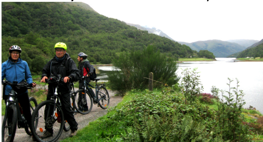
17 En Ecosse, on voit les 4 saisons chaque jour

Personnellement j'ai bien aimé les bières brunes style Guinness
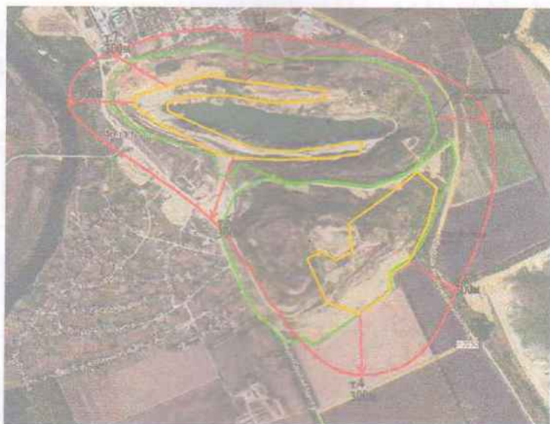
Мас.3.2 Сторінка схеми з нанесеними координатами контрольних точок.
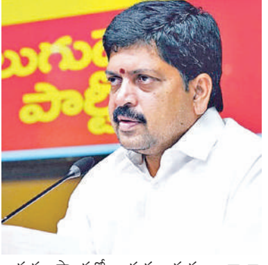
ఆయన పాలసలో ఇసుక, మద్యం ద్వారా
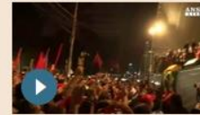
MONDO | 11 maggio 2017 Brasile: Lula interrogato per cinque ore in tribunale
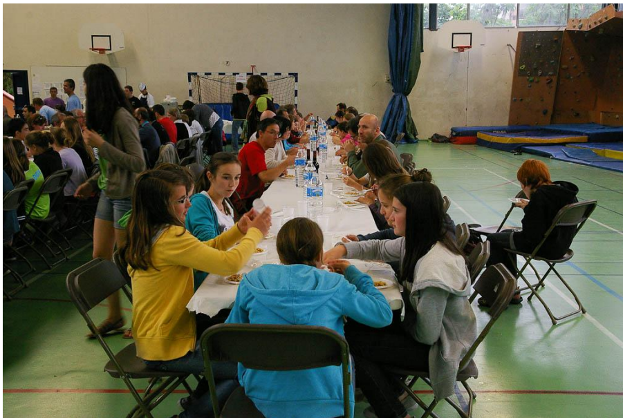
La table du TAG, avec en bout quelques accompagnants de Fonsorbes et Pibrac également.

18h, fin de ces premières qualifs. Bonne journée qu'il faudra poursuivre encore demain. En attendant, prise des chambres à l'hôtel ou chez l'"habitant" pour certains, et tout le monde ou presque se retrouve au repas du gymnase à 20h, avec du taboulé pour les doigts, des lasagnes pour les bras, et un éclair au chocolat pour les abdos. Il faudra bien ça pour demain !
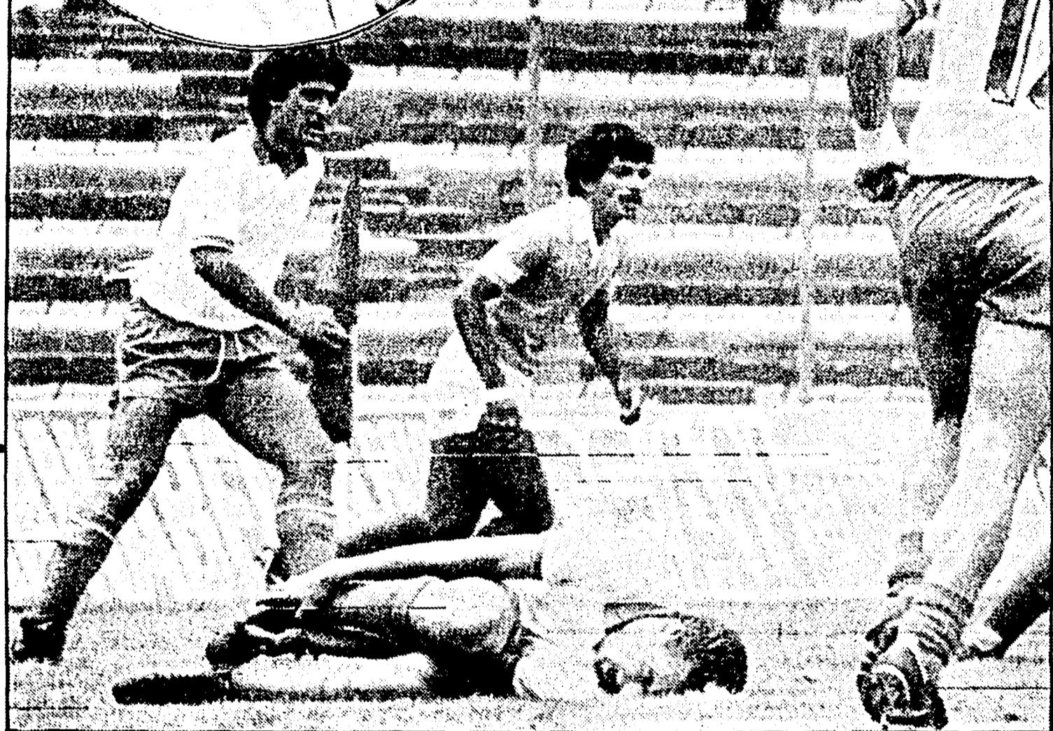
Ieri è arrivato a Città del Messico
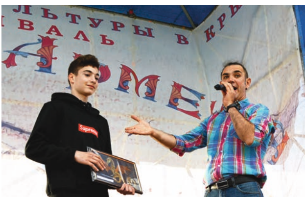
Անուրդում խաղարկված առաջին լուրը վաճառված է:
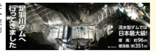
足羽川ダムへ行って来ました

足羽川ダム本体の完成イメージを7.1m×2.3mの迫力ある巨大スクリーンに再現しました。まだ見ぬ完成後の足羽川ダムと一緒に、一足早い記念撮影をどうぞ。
= = = = = = =
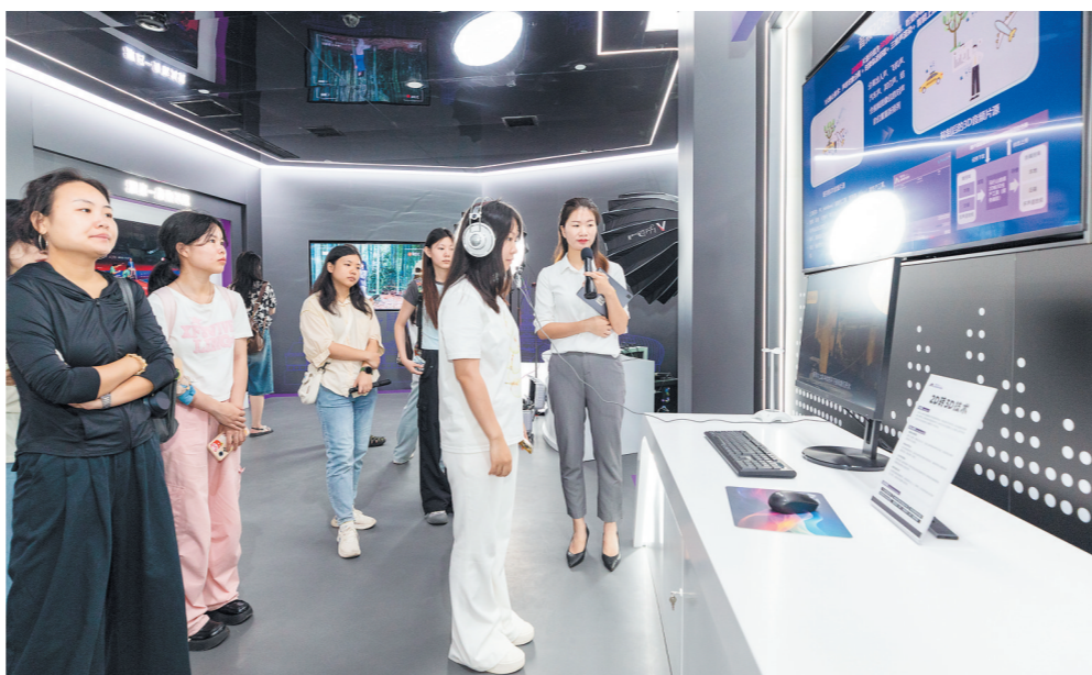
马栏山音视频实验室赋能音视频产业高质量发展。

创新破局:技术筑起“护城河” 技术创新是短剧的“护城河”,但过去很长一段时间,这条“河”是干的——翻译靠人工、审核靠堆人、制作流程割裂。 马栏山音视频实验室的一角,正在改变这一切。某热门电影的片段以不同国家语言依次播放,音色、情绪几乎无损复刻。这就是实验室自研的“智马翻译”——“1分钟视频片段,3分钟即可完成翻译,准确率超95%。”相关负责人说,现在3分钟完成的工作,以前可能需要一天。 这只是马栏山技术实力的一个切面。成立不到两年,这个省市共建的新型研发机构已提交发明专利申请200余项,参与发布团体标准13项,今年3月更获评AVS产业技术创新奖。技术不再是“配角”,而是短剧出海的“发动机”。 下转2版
= = = = = = =
Task statement – Go back to the lines above and output, exactly as they stand, the ones from the line containing "ఆయన పాలసలో ఇసుక, మద్యం ద్వారా" to the line containing "La table du". Leave all pictures behind.

Output of the task –
ఆయన పాలసలో ఇసుక, మద్యం ద్వారా
MONDO | 11 maggio 2017 Brasile: Lula interrogato per cinque ore in tribunale
La table du TAG, avec en bout quelques accompagnants de Fonsorbes et Pibrac également.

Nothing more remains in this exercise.